DeVilliers' faceoff prowess (he won 70 percent) made the fleet-footed 6-1, 165-pound middie one of the nation's best at his craft and one of the MIAA's most dangerous players. DeVilliers, already committed to Virginia, also ran first midfield and scored 19 goals to go with 18 assists. His value became apparent as a sophomore, when his presence led to a season-opening victory over Landon -- the Bears' only loss of the year -- before an ankle injury forced the premature end to his season. The Crusaders spiraled toward a disappointing finish. DeVilliers endurance was demonstrated in a 9-8 overtime victory over Boys Latin.

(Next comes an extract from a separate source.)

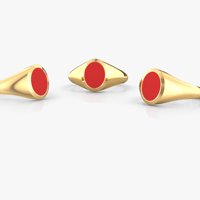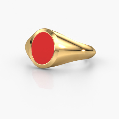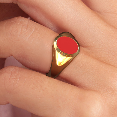 This gold women´s signet ring is a true work of art! This is our beautiful Evon 1 signet ring and it is set with a oval shape red enamel. In our crafting studio, we use a combination of the latest techniques and ancient traditional craftsmanship, so we are able to create a detailed perfect signet ring. Our expert goldsmiths are fascinated by signet rings. The signet ring can be engraved with initials or a family weapon. Signet rings with family weapons can be handed down from generation to generation and that usually is the case. On top of that, a signet ring is a beautiful, classy piece of jewellery which is trending once more. More than one reason to start or extend the tradition. Please browse our online database for more options on engravings. You can find the departments of our education centre at the bottom of this page. Our goldsmiths passionately create your customized signet ring to your liking with the utmost care. The gold signet ring, as shown here, can be customized using our online tool. Feel free to ask our jewel designers for assistance if you want changes made which are unavailable in our online tool. We are happy to answer your questions.After receiving your order, our goldsmiths will passionately start the creative process of making your ring in our own studio. Because we don't have a big stockpile, these costs will not be passed on to you. Our pricing is proof of that! We offer top quality jewels at lowest price, guaranteed.To make it easier for you, we offer a 30 day return policy. Check our terms and conditions.

In that game, deVilliers won 11 of the 14 faceoffs and scored a crucial goal.

Dan LaMonica,

Boys' Latin

LaMonica scored 49 goals and assisted on 56 others, raising his career totals to 116 goals and 169 assists (a school-record 285 points). Including his 17 each in goals and assists as a Calvert Hall freshman, the Maryland-bound LaMonica has 319 career points. An All-American, a repeat All-Metro pick and the youngest player to make last summer's U.S. under-19 team, LaMonica was chosen the league's outstanding player by the Greater Baltimore Chapter of US Lacrosse, and is a C. Markland Kelly Award finalist for private schools. Perhaps his most dominating effort came during a game against Gilman, when he had two goals and five assists in a 9-6 upset of the Greyhounds.